DATA SECTION
++++++++
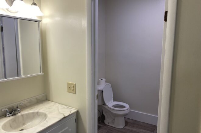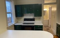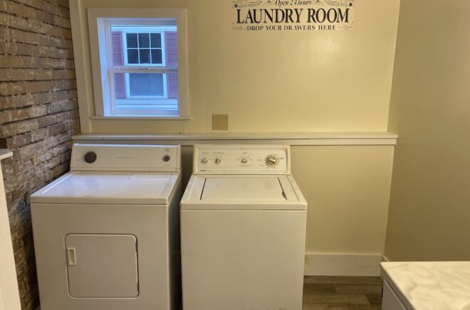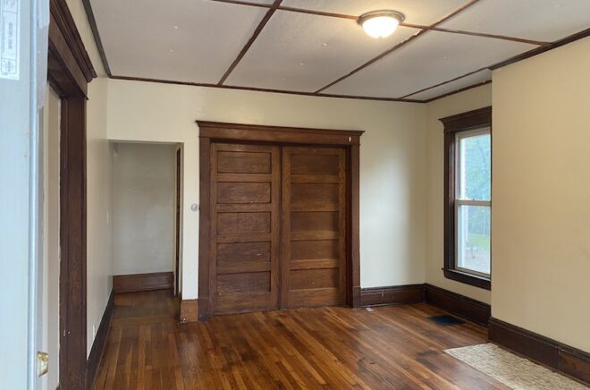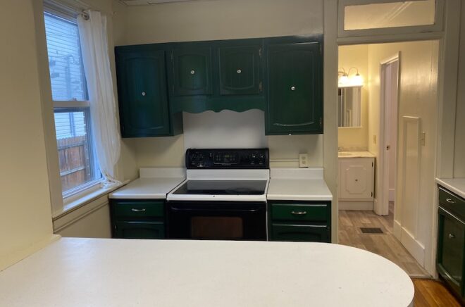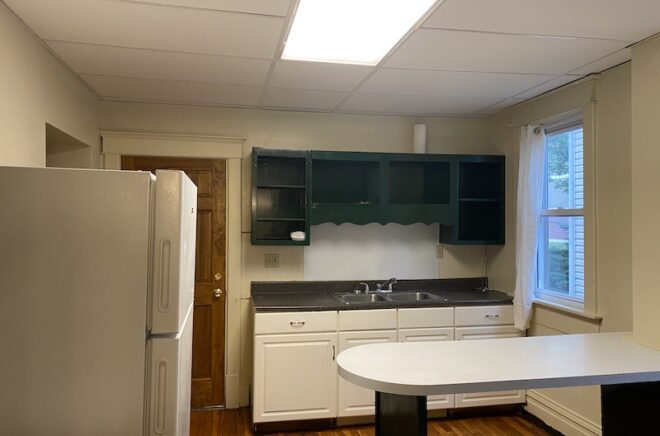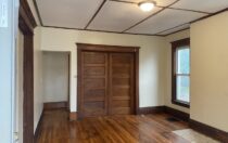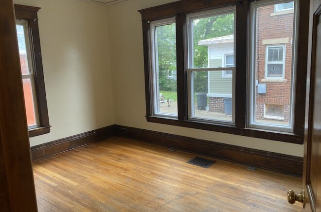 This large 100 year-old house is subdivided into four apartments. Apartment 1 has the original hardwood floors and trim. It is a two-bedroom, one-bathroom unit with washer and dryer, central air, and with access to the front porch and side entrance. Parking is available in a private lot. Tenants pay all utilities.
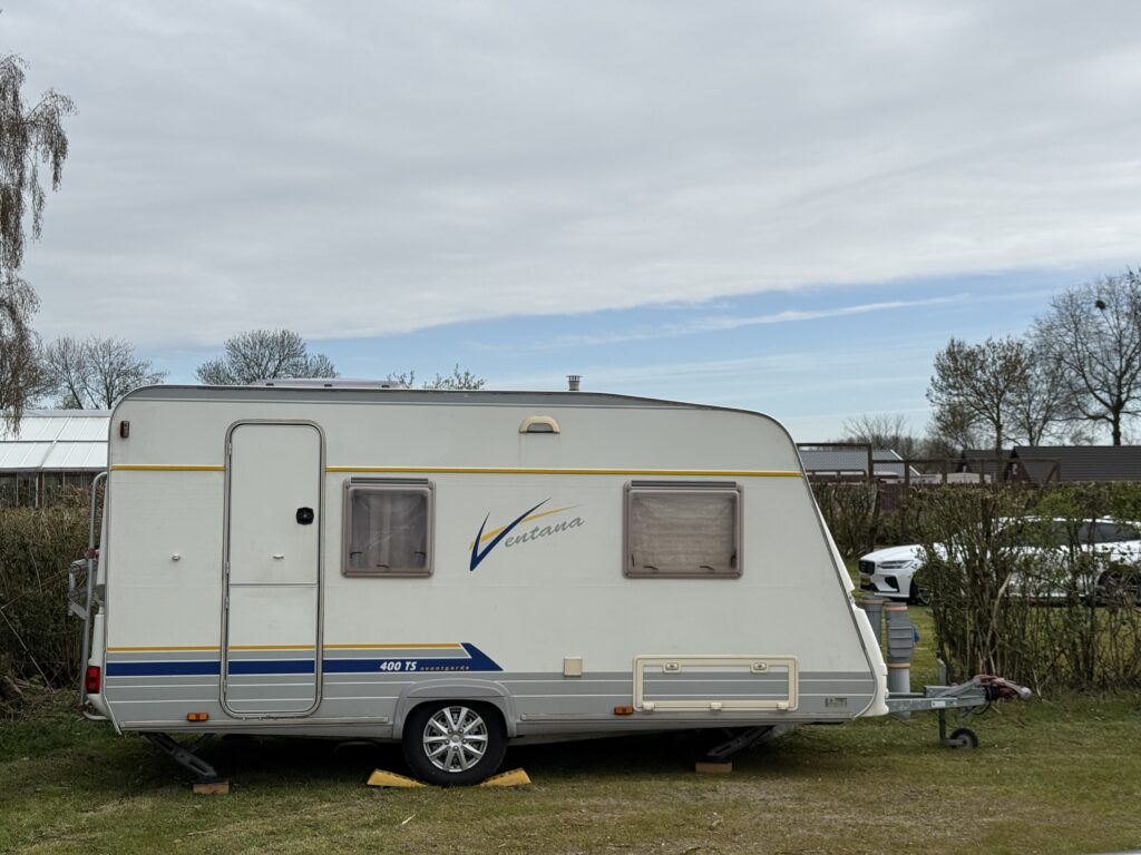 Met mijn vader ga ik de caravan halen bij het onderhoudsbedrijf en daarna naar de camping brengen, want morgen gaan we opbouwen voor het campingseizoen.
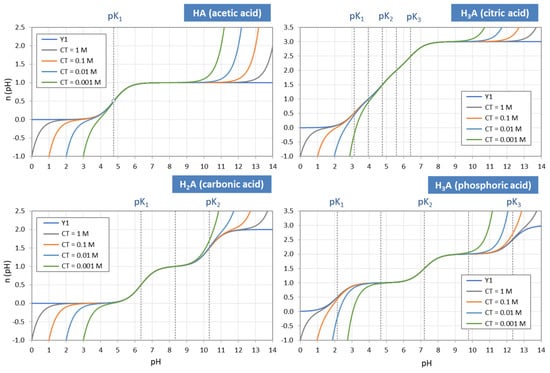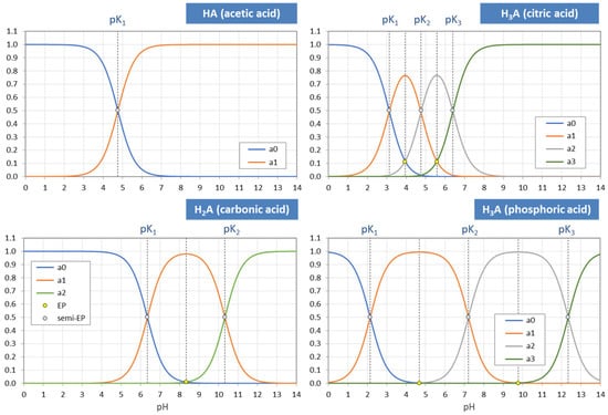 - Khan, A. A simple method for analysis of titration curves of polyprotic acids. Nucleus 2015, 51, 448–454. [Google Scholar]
++++++++
TASK OBJECTIVE
The whole listing is to be retyped exactly, with its pictures removed.

SOLUTION TO THE EXERCISE
 This large 100 year-old house is subdivided into four apartments. Apartment 1 has the original hardwood floors and trim. It is a two-bedroom, one-bathroom unit with washer and dryer, central air, and with access to the front porch and side entrance. Parking is available in a private lot. Tenants pay all utilities.
 Met mijn vader ga ik de caravan halen bij het onderhoudsbedrijf en daarna naar de camping brengen, want morgen gaan we opbouwen voor het campingseizoen.
 - Khan, A. A simple method for analysis of titration curves of polyprotic acids. Nucleus 2015, 51, 448–454. [Google Scholar]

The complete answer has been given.